╭─ Given data

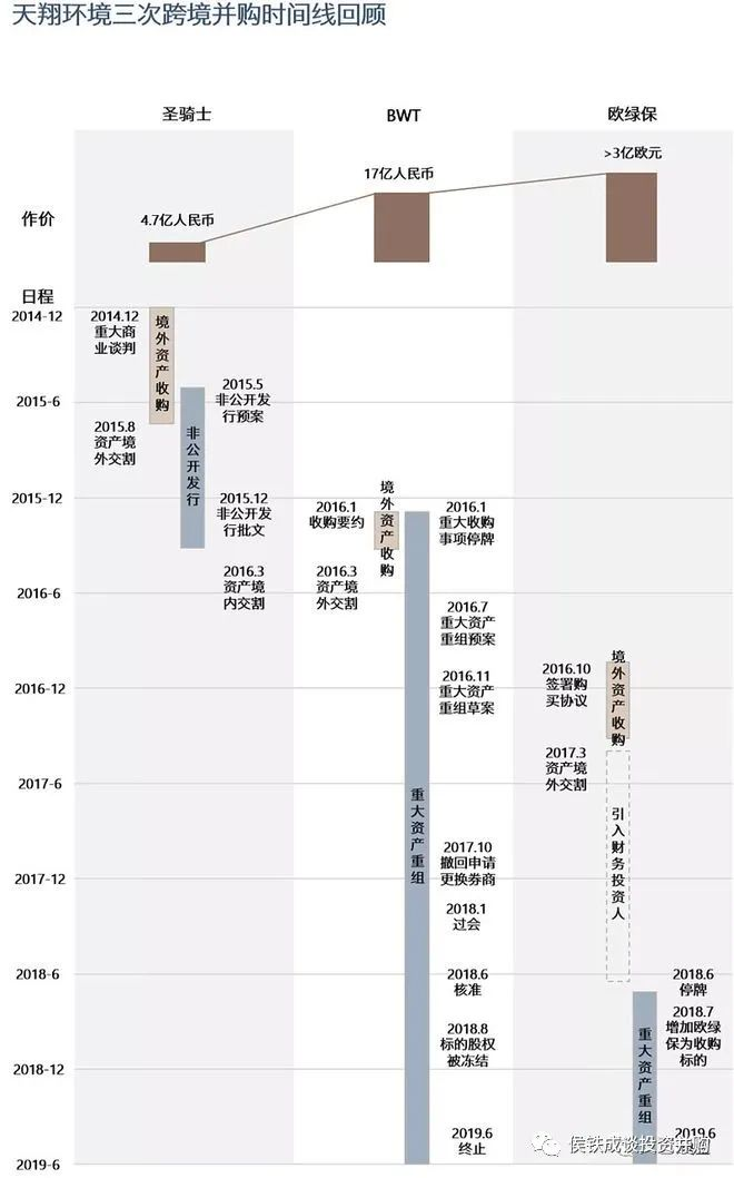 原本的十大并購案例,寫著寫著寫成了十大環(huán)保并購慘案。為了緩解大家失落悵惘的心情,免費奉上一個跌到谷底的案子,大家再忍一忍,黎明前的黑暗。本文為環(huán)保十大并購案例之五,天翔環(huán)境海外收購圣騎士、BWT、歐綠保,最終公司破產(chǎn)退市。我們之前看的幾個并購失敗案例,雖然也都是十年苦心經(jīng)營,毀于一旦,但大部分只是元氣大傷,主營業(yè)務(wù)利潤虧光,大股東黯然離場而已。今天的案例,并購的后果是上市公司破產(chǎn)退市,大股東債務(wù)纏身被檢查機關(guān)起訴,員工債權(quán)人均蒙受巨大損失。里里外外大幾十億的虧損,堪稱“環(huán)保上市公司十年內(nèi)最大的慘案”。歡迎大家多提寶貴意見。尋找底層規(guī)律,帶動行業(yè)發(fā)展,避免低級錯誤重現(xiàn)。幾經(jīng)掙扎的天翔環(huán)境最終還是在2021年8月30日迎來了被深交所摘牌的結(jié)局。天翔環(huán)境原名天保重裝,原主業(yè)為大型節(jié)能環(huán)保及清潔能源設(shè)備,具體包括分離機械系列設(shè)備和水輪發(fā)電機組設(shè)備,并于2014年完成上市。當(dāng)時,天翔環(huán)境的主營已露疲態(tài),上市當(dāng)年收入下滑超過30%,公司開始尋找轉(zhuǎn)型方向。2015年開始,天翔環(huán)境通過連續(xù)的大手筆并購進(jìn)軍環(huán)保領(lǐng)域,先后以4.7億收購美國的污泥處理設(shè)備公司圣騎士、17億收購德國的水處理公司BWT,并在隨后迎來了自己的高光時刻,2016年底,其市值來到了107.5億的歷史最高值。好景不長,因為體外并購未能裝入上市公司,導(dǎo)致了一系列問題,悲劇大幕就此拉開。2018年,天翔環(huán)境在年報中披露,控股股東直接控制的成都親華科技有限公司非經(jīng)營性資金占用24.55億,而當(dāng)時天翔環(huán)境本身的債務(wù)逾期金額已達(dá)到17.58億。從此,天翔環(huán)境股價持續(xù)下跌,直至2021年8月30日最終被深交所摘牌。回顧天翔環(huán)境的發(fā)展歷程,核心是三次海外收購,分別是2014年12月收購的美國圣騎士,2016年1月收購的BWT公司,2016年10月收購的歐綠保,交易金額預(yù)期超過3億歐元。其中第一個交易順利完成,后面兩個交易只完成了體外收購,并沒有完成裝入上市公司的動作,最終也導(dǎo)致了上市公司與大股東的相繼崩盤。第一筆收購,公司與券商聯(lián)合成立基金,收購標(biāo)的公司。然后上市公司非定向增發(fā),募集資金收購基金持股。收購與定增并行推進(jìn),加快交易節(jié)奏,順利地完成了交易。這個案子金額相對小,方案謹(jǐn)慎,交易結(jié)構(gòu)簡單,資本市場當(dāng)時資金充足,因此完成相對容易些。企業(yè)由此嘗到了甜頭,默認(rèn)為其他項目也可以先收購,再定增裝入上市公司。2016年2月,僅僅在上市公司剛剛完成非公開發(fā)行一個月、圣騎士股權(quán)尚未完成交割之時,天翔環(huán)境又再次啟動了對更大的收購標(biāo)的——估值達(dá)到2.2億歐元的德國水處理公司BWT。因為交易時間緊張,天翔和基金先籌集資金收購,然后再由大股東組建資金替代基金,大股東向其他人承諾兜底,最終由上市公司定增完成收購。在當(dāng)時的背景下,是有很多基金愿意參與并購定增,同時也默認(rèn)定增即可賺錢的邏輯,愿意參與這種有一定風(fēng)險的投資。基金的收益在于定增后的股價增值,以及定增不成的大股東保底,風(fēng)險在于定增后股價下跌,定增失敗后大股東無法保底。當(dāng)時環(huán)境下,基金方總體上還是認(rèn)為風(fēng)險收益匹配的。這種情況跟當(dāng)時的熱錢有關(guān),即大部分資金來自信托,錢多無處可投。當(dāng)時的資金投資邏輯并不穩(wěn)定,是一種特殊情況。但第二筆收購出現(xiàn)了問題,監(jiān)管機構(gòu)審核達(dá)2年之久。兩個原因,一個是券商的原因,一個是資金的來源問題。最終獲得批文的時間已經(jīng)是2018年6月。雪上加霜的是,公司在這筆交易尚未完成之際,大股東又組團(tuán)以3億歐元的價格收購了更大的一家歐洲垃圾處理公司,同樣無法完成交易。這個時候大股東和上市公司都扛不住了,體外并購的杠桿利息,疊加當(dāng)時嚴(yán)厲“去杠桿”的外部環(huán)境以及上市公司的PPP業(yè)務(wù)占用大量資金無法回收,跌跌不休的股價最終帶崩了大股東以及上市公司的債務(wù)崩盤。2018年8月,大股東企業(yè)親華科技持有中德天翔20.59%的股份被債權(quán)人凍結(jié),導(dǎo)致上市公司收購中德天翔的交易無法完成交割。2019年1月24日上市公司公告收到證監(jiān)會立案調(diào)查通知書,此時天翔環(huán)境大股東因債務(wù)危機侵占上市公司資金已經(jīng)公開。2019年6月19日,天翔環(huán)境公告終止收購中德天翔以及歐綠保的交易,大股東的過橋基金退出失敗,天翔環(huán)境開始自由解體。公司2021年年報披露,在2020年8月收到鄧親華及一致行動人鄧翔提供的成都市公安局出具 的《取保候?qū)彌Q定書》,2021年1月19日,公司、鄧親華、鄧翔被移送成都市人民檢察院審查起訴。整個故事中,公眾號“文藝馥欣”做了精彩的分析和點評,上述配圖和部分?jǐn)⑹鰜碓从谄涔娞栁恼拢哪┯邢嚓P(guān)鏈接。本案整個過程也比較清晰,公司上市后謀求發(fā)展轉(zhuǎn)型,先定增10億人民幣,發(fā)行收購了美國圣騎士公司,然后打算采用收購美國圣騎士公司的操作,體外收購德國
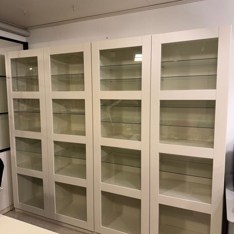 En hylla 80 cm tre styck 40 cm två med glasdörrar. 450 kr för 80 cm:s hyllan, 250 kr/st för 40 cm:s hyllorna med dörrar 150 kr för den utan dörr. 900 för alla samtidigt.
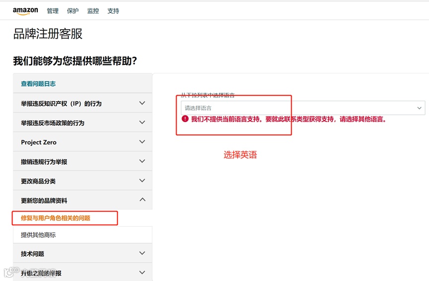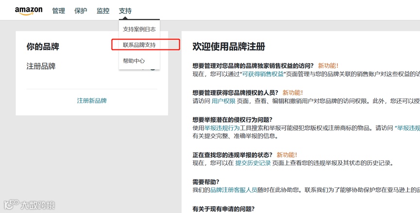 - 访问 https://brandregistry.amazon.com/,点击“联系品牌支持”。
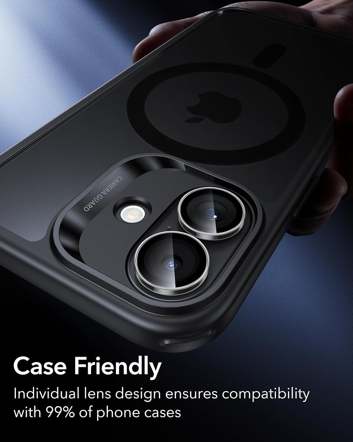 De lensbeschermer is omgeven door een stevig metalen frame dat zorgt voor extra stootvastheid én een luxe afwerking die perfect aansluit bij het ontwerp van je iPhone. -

╰─

■ **Instructions for the task**:
What is needed is an exact copy of the lines from the one with "En hylla 80" through the end of the data above, both included, minus any pictures.

■ **Solution**:
 En hylla 80 cm tre styck 40 cm två med glasdörrar. 450 kr för 80 cm:s hyllan, 250 kr/st för 40 cm:s hyllorna med dörrar 150 kr för den utan dörr. 900 för alla samtidigt.
 - 访问 https://brandregistry.amazon.com/,点击“联系品牌支持”。
 De lensbeschermer is omgeven door een stevig metalen frame dat zorgt voor extra stootvastheid én een luxe afwerking die perfect aansluit bij het ontwerp van je iPhone. -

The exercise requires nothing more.